The two delegations are led by Michael Ratney for the United States and Aleksandr Lavrentiev for Russia.
At the end of last January, the Russian envoy had already negotiated with Israel the central lines of the future peace in Syria.
Al Tanaf, the US base that the new Russian facility could make harmless, was one of the two pillars of the US plan, consisting in unilaterally declaring a “de-escalation zone” between Al Tanaf itself up to the Euphrates valley, in the direction of Deyr al-Zur.
The plan underlying this operation was to break the “Shiite crescent” that was supposed to connect, on the ground, Iran to the Lebanon via Southern Syria.
It is likely, however, that the plan was, in fact, to build a larger Sunni corridor, at the sides of the Shiite crescent, going from the Saudi-Iraqi border, namely from Al Anbar – through the Syrian Sunni area and the area occupied by the Kurds, up to the Turkish border.
The Syrian forces alone have blocked this plan by connecting the Western area of their country to the Iraqi border, north-east of Al Tanaf, and by advancing just north-east towards Abu Qamal and the Euphrates valley.
The US-Jordanian base of Al Tanaf has been closed southwest – as in a vice – by both Syria and the Iranian forces. This is the premise for the passage of Bashar al-Assad’s Syrians towards Deyr al Zur and the Euphrates valley, although today Deir is still surrounded by jihadists.
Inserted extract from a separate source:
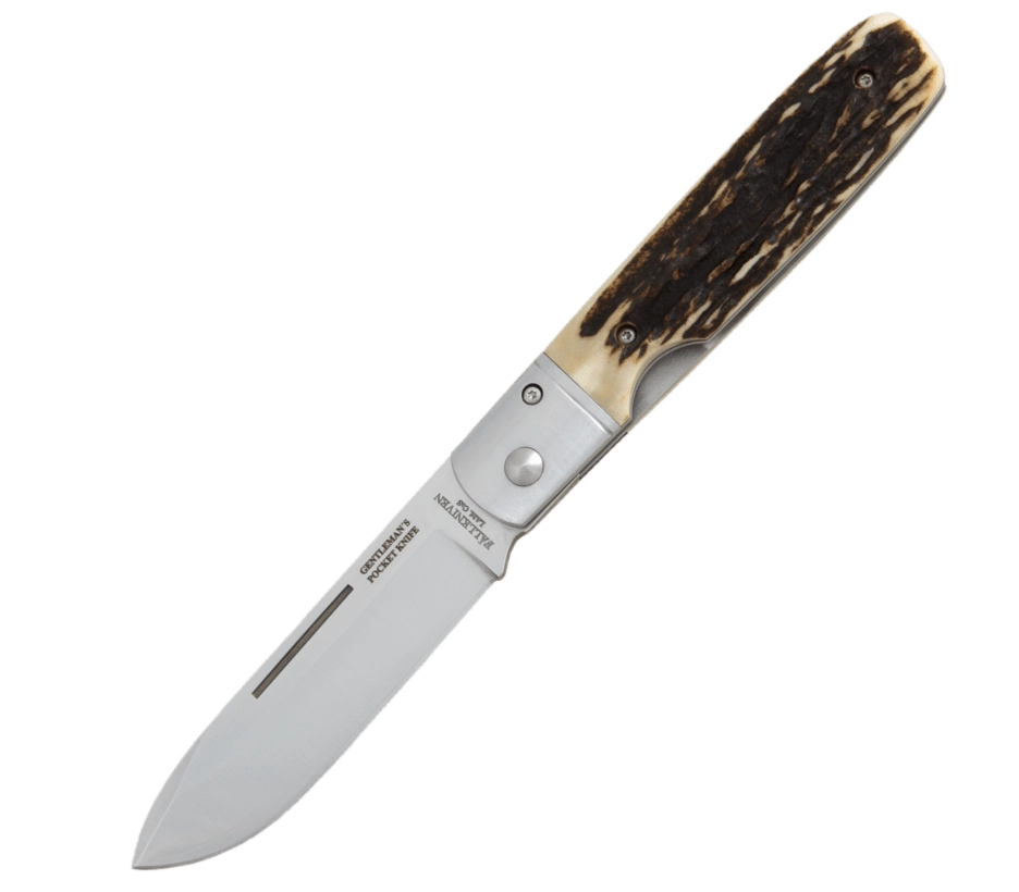 Rękojeść z prawdziwego poroża jelenia nadaje każdemu egzemplarzowi oryginalny charakter oraz ciepły, pewny chwyt. Bezpieczne użytkowanie gwarantuje blokada Linerlock oraz tradycyjne, manualne otwieranie wycięciem na głowni. Nóż uzupełnia eleganckie zamszowe etui do bezpiecznego noszenia.

Hence the United States is acknowledging its limited room for manoeuvre in Syria.
In fact, on June 22, a still confidential tripartite agreement was reached by the United States, Russia and Jordan to create a true demilitarized zone in Southern Syria, which would also cover the Israeli and Jordanian borders.
As far as we know, the agreement envisages that the United States will continue to manage the base of Al Tanaf.
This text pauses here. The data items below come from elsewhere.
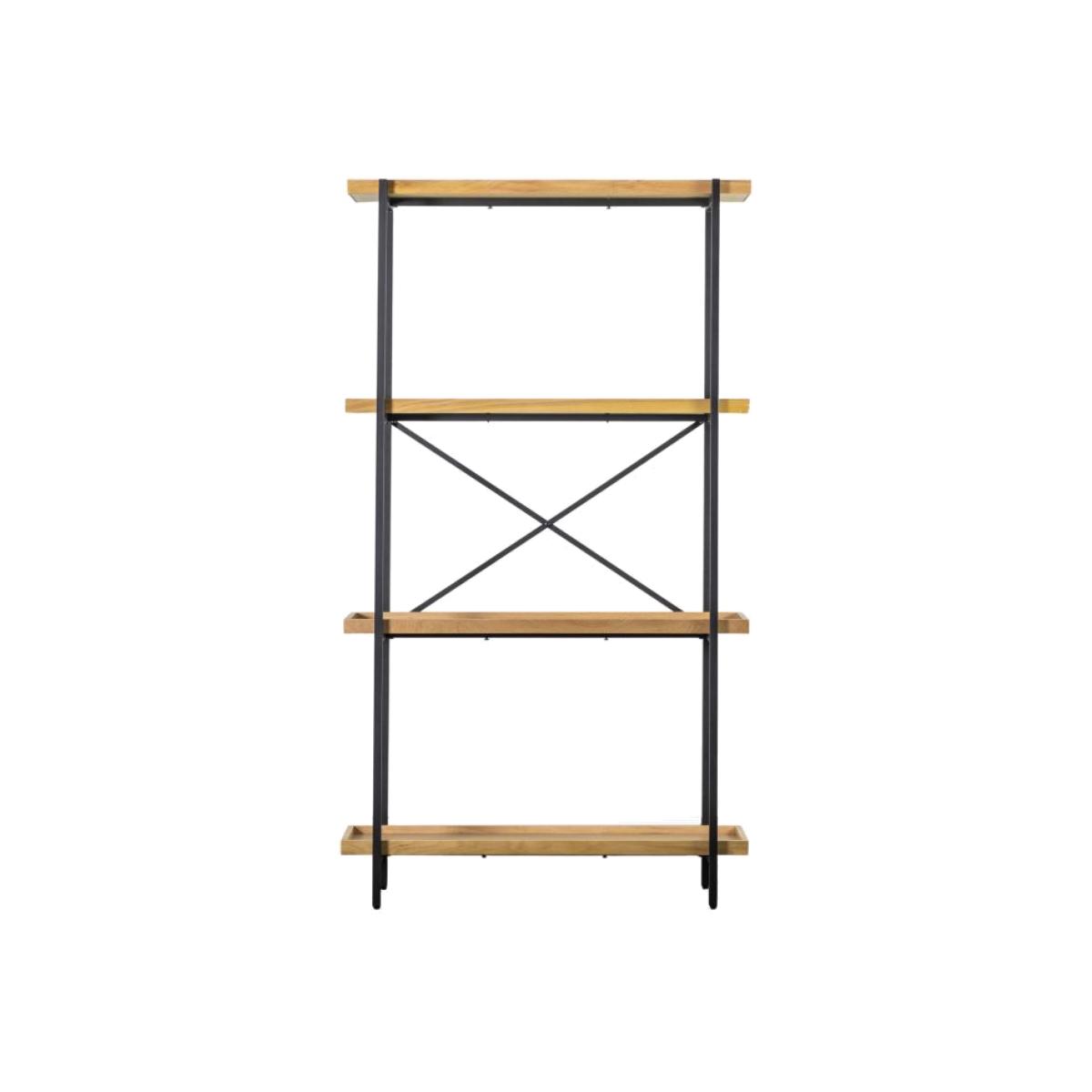 Offering a stunning contemporary look, this large open display unit combines matt black metal with oak. The shelves are tray-style with oak veneer tops and solid oak surrounds. Matching pieces are available. It is part of our Packed-Flat Design Project, offering easy delivery to any room in any property, whilst reducing the packaging needed. Easy assembly is required, but all the tools needed are supplied. Material:Oak Veneer. Colour/Finish: Natural.
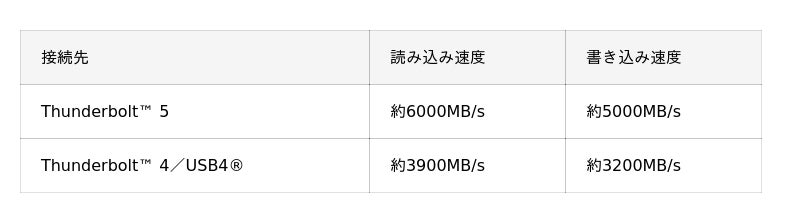 ・特長1.-Thunderbolt(TM) 5接続&高性能SSD採用でRead最大6000MB/s Write最大5000MB/sの超高速転送
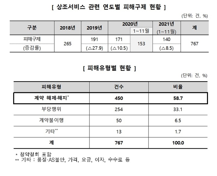소비자원에 따르면 지난 2018년부터 올해 11월까지 접수된 상조서비스 관련 피해 구제 신청은 767건으로 집계됐다. 피해 유형별로는 청약 철회 또는 환급 거부, 환급금 과소지급 등 계약해제 관련 피해가 58.7%로 가장 많았고, 이어 부당행위 33.1%, 계약 불이행 6.5% 순으로 나타났다.

In return, the United States will not react to Syrian, Iranian and Hezbollah operations against Daesh-Isis to reconquer the border town of Abu Kamal, north of Al Tanaf.
Conversely, Russia ensures the return back home of the Iranian forces, of Hezbollah and the militia they command, in a still undefined phase of the future stabilization of the Syrian area.
Moreover a joint Russian-American administration will be defined to manage the civil affairs of Southern Syria, including the areas bordering on Israel and those bordering on Jordan.
Russia, to which Syria cannot deny large interference with some Syrian areas, will ensure stability north of the Jewish State – in the place of the United States and, anyway, in a hegemonic way with respect to it – which Russia wants to keep within the Middle East, but without playing the old role of power broker it had before the conflict in Syria.
A clash that has revealed who is the new, real Middle East broker and manager, after the US ill-advised support to the jihadist guerrilla warfare against Bashar el Assad, the last tessera of the “Arab Springs” and the final crucial point of the US hegemony over the whole area.
Meanwhile, the US-linked Syrian Democratic Forces have encircled Raqqa – and Syria foresees that the liberation of the last “capital city” of Daesh-Isis will last at least three months.
The US geopolitical tape will rewind: hence future stabilization – also with the US support – of the tension between the various Palestinian organizations; probable peace between Israel and the PNA Territories; Russian-American cooperation against the jihad in Sinai and a new agreement between the United States and Egypt, while a new role of armed mediation will be probably played by the United States and by the two conflicting governments within Libya.
Conversely, no one can say anything about Russia’s expansion in the Mediterranean, which will probably be supported by Turkey that, as already said, is the second NATO armed force, while Russia will favour either an agreement between Khalifa Haftar and Fayez al-Sarraj or a definitive military action against Tripoli’s government.
Nevertheless, the United States will not have the opportunity of accepting the new bilateral US and Russian administration in Southern Syria: in fact, if Bashar al-Assad’s forces conquer Abu Kamal, Iran will strengthen its position on the Syrian-Iraqi border, while the United States does not want any presence – albeit limited in time – of Iran and Hezbollah on the Syrian territory.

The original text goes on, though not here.